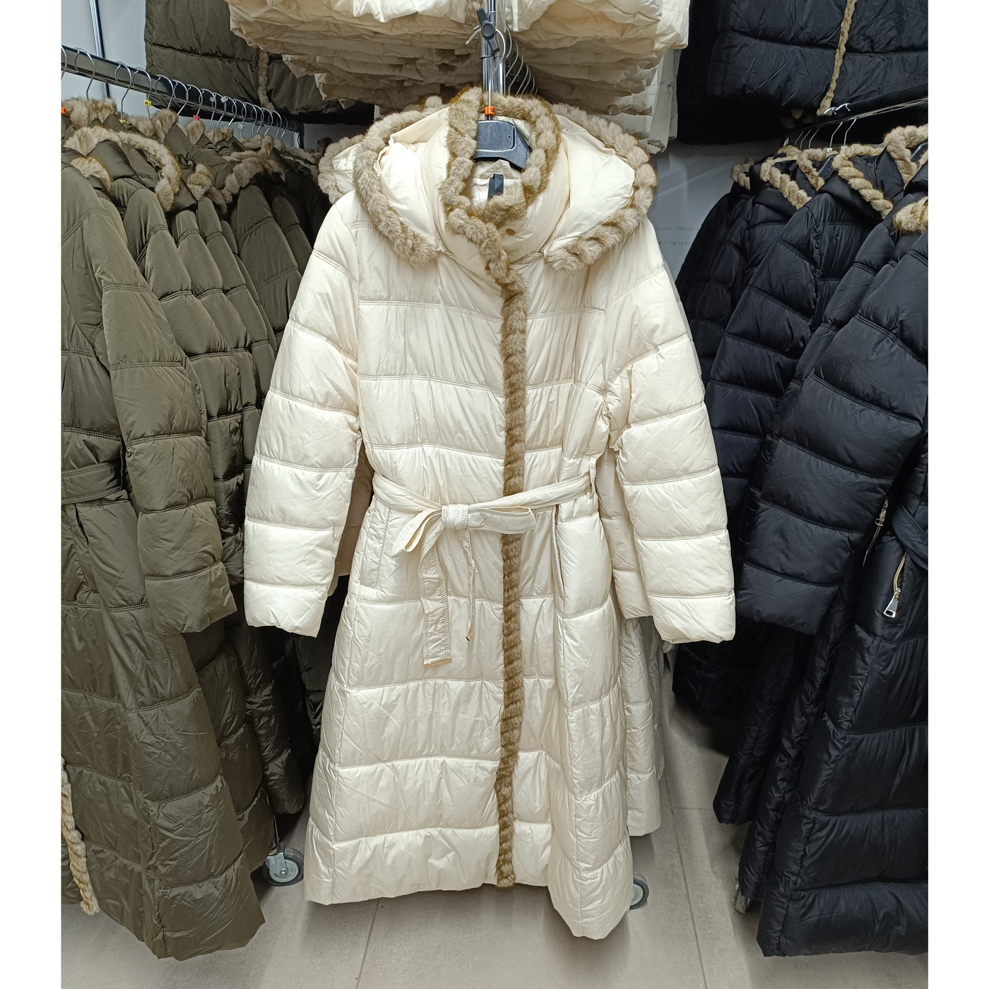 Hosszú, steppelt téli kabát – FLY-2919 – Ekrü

---

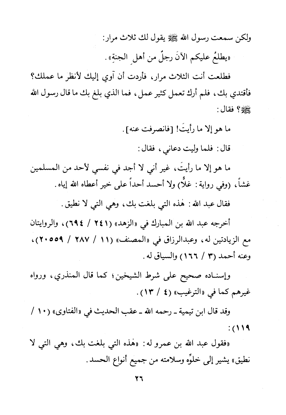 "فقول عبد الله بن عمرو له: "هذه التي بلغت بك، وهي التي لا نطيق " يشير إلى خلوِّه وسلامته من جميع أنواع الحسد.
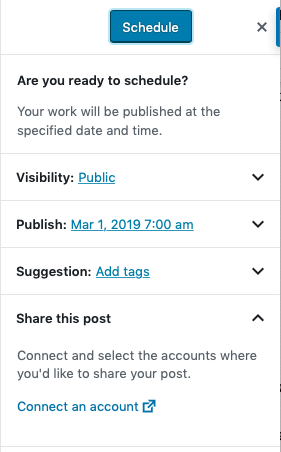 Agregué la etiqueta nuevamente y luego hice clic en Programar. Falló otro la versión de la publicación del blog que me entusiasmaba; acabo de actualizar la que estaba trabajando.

---

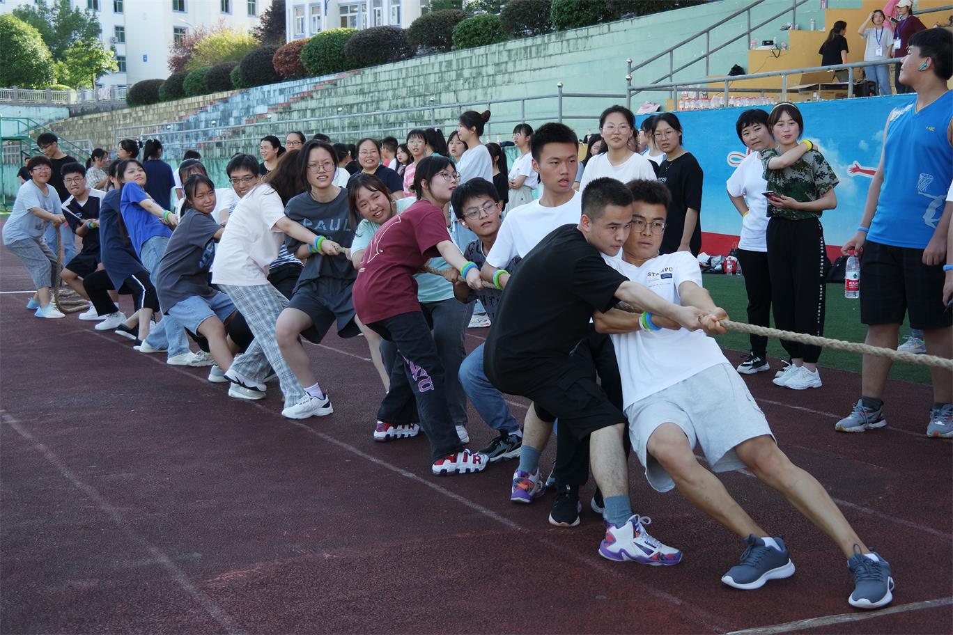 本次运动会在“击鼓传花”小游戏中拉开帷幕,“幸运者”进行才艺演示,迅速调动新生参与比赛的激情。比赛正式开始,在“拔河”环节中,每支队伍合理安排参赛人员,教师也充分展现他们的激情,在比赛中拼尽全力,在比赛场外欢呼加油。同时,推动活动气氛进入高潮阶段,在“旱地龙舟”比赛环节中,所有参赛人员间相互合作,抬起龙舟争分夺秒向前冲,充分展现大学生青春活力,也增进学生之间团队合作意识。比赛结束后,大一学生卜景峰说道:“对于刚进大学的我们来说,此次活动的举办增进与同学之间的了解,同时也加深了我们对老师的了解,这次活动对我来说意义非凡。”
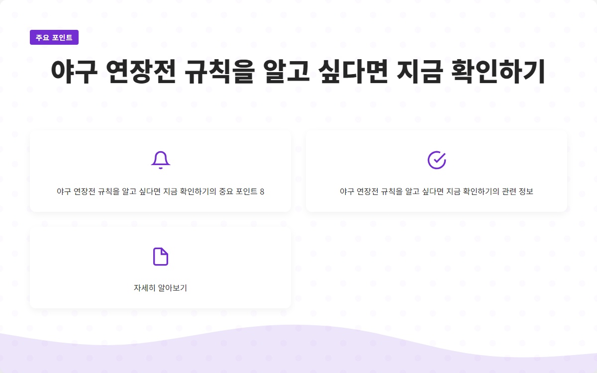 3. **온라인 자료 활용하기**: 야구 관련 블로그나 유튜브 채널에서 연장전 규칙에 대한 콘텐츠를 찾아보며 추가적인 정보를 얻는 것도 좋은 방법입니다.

• _EXERCISE OBJECTIVE_
Copy exactly the lines of the listing above between the one holding "جميع أنواع الحسد." and the one holding "Agregué la etiqueta", inclusive; omit all pictures.

• _TASK ANSWER_
 "فقول عبد الله بن عمرو له: "هذه التي بلغت بك، وهي التي لا نطيق " يشير إلى خلوِّه وسلامته من جميع أنواع الحسد.
 Agregué la etiqueta nuevamente y luego hice clic en Programar. Falló otro la versión de la publicación del blog que me entusiasmaba; acabo de actualizar la que estaba trabajando.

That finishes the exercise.